Raw data:
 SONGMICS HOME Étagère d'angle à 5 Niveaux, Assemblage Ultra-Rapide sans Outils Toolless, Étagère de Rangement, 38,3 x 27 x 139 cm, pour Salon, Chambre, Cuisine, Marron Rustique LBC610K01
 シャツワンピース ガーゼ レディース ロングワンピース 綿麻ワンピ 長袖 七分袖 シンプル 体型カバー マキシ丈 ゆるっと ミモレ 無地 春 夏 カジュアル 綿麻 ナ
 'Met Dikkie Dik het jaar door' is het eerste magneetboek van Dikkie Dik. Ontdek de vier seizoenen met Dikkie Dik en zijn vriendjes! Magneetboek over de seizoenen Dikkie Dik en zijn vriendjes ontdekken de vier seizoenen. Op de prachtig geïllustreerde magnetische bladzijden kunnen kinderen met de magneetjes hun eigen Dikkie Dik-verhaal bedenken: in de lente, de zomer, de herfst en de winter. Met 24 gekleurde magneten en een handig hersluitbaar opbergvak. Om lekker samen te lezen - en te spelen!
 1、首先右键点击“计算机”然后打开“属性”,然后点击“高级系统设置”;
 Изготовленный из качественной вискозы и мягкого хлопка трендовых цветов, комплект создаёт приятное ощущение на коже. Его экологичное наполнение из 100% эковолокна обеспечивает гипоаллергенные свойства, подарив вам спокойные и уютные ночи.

--

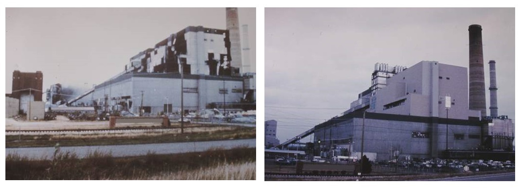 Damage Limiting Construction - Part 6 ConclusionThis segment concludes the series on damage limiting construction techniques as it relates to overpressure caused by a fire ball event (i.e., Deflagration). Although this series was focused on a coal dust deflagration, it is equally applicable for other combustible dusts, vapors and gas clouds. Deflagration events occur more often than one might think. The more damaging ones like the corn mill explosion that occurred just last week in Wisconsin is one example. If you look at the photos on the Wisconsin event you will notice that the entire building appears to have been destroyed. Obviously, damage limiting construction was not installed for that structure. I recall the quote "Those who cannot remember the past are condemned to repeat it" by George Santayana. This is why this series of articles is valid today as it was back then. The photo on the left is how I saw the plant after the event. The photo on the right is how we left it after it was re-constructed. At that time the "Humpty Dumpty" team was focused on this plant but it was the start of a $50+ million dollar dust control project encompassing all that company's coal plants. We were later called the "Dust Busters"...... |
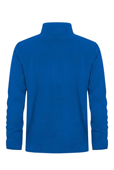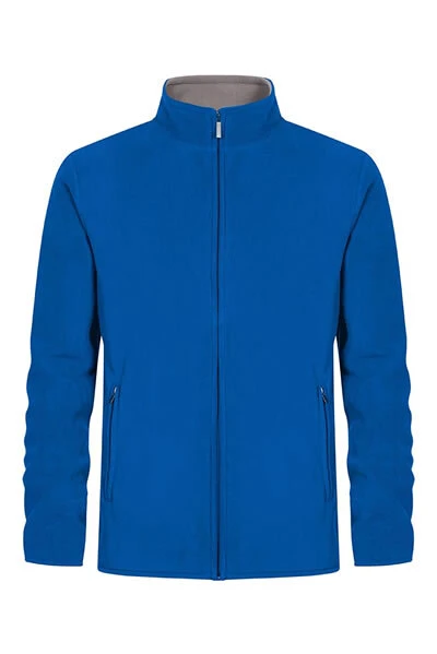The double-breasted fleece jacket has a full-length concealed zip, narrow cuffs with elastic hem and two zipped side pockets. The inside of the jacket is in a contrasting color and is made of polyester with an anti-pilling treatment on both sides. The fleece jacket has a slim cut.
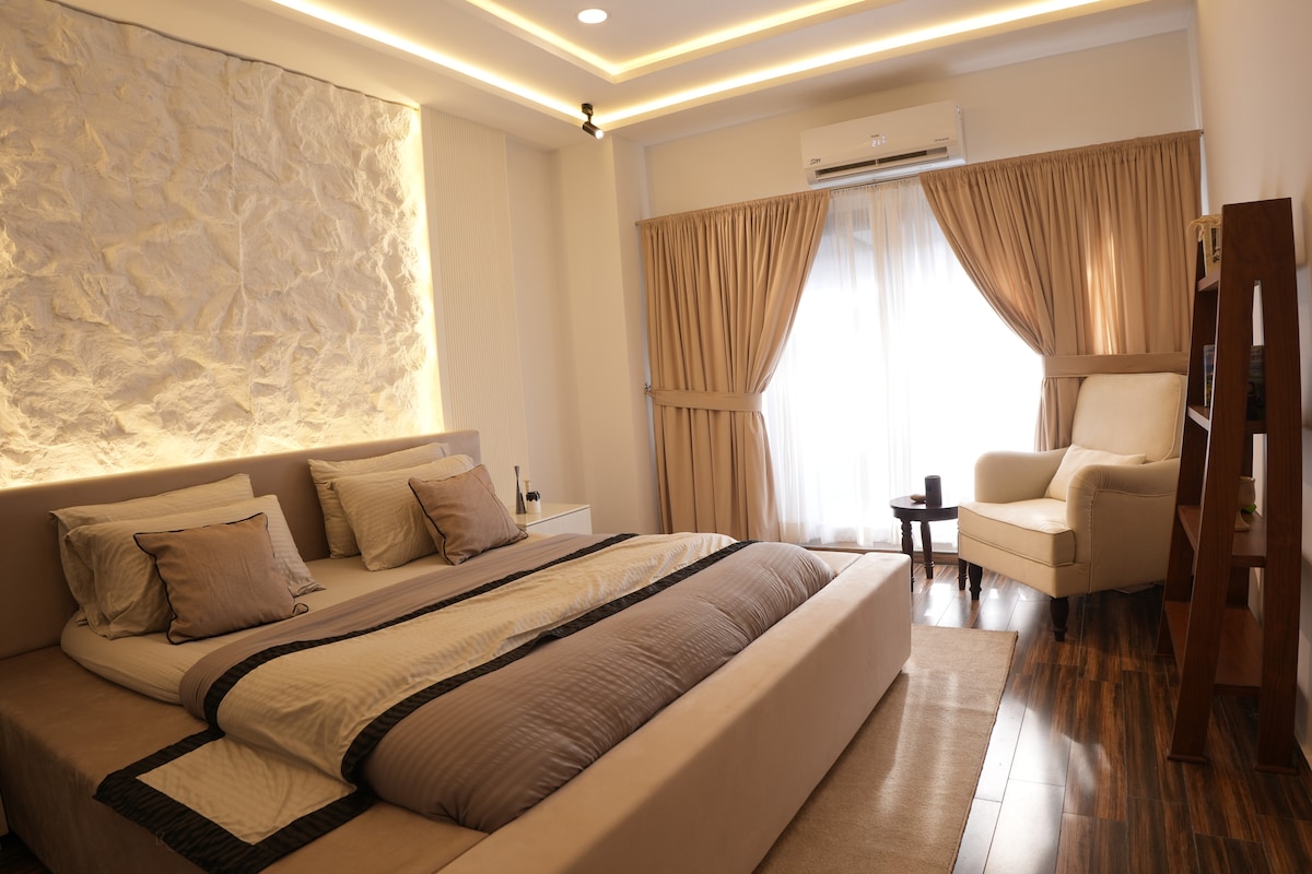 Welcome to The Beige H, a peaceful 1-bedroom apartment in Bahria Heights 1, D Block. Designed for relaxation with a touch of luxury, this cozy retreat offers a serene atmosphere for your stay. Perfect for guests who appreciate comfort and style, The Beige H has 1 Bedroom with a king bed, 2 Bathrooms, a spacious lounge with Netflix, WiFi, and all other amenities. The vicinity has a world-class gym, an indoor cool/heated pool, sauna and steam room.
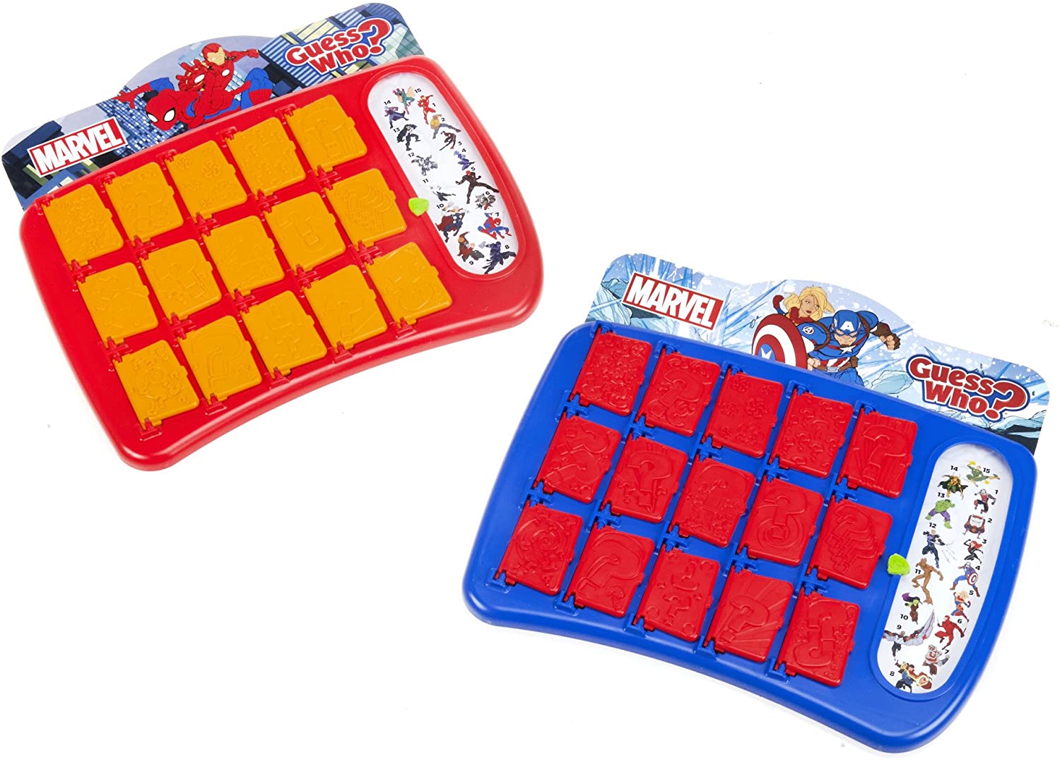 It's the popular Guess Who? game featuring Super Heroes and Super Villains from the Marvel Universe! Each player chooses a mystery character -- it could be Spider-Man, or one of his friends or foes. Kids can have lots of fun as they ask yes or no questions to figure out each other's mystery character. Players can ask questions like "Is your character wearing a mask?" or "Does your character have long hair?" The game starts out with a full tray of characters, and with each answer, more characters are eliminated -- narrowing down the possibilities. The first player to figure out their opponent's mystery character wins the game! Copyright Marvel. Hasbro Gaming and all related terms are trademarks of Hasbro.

Exercise brief:
In the data above, find the line that contains "SONGMICS HOME Étagère" and the line that contains "シャツワンピース ガーゼ レディース". Repeat exactly those lines and every line between them, and only those.

Result of this task:
 SONGMICS HOME Étagère d'angle à 5 Niveaux, Assemblage Ultra-Rapide sans Outils Toolless, Étagère de Rangement, 38,3 x 27 x 139 cm, pour Salon, Chambre, Cuisine, Marron Rustique LBC610K01
 シャツワンピース ガーゼ レディース ロングワンピース 綿麻ワンピ 長袖 七分袖 シンプル 体型カバー マキシ丈 ゆるっと ミモレ 無地 春 夏 カジュアル 綿麻 ナ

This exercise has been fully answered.